One hundred and thirty-six countries, covering 83% of global carbon emissions, have committed to net-zero greenhouse gas emission targets in the coming decades, including almost all OECD countries. As the OECD International Programme for Action on Climate (IPAC) has stated, climate risks will only be significantly reduced if net-zero carbon emissions in 2050 are reached. The challenge is turning country commitments and ambitions into actual outcomes and pathways to carbon neutrality.

This report aims to help policy makers fill the gap between targets and required actions in sectors where reaching climate neutrality will be particularly challenging. It goes further by identifying which specific regions will be most affected by the transformations needed in these sectors, including through the prism of socio-economic impacts and related infrastructure needs.

Taking climate action to the regions can help us gain the momentum we need and make the transition just. Many subnational governments and cities have set more ambitious targets than their national governments, highlighting how important they are to scale up action.

Emissions are often concentrated in some regions. As the OECD Regional Outlook 2021 showed, in most OECD countries, industrial emissions per capita in a few large subnational regions are a high multiple of the national average.

The impact on jobs also differs strongly. The share of jobs in sectors at risk of job loss is twice the national average or more in large subnational regions.

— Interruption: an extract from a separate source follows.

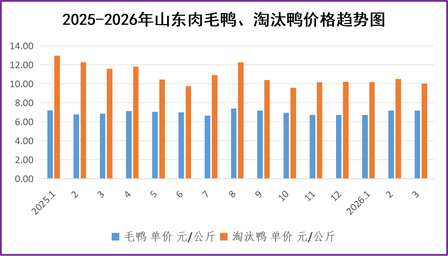 成本核算:根据2026年一季度生产资料价格计算:大鸭,以饲养36-37天,出栏毛鸭3公斤为例,只鸭成本约19.1元/只,合毛鸭6.4元/公斤,其中饲料15.5元,苗1.5元,药费0.5元,人工0.8元,其它0.8元。小鸭,以饲养25-27天,出栏1.8公斤为例,只鸭成本约11.5元/只,合毛鸭6.4元/公斤,其中饲料8.5元,苗1.4元,药费0.4元,人工0.6元,其它0.6元。

The socio-economic context also differs across regions. Some are better able to undertake needed transformations and deal with them than others, for example because their firms are more technologically advanced or their workers better trained.

This report presents data analysis on all of these dimensions for European regions, reflecting the availability of consistent data for European Union (EU) countries, including from the EU’s emission trading system.